1

I am using one-hot encoding to transform my categorical variable. But it's not just a presence-absence situation. Consider the variable as a device that can have with different brands as well as different model numbers. So, for example it can be Sony 10, Sony 10.5, or LG 2000, LG 3200. The brands differ and the model numbers have their own range too.

What I did was something like this:

I convert:

---------------------------
|   Index   | Device      
---------------------------
|   0       | Sony,10 
|   1       | Sony,10.5
|   2       | LG,2000
|   3       | LG,3200    

to:

---------------------------
|   Index   | Dev_Sony | Dev_LG      
---------------------------
|   0       | 10       | 0
|   1       | 10.5     | 0
|   2       | 0        | 2000
|   3       | 0        | 3200 

Question: I am using multiple linear regression. Using the above encoding, the model numbers (e.g. 10 vs 10.5) are useful when comparing devices of the same brand, but I'm not sure if they make sense in comparison with other brands.

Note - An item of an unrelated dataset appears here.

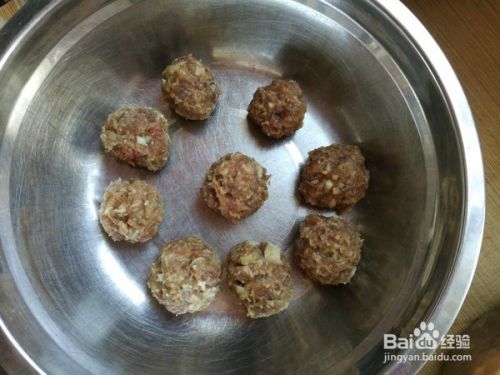 将肉馅团成大小一致的肉丸子;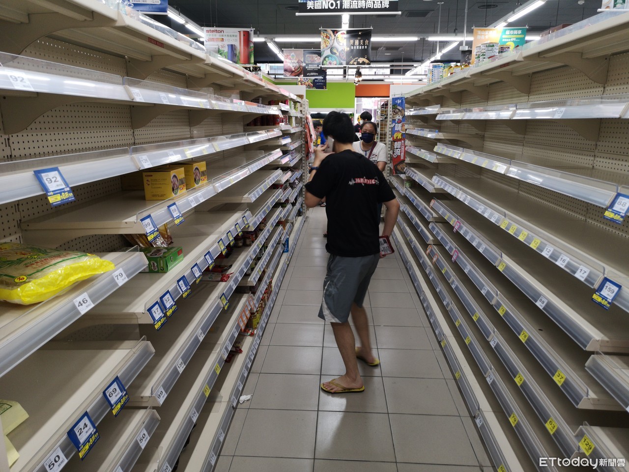 ▼雙北升三級警戒第一天,許多民眾到賣場搶購物資。(圖/記者湯興漢攝)

So, I was wondering if there is a better way of encoding such data.

UPDATE

based on the answer, my dataframe would look like this:

|   Index   | Dev_Sony | Dev_LG  | Model_Number   
---------------------------
|   0       | 1        | 0       | 10
|   1       | 1        | 0       | 10.5
|   2       | 0        | 1       | 2000
|   3       | 0        | 1       | 3200
kjetil b halvorsen
  • 63,378
  • 26
  • 142
  • 467

1 Answers1

2

Make two categorical variables, Device with values Sony, LG, ... and Model_Number with values 10, 10.5, 2000, 3200, ... . Then Model_Number is nested within Device. See then How do you deal with "nested" variables in a regression model? for how to model this.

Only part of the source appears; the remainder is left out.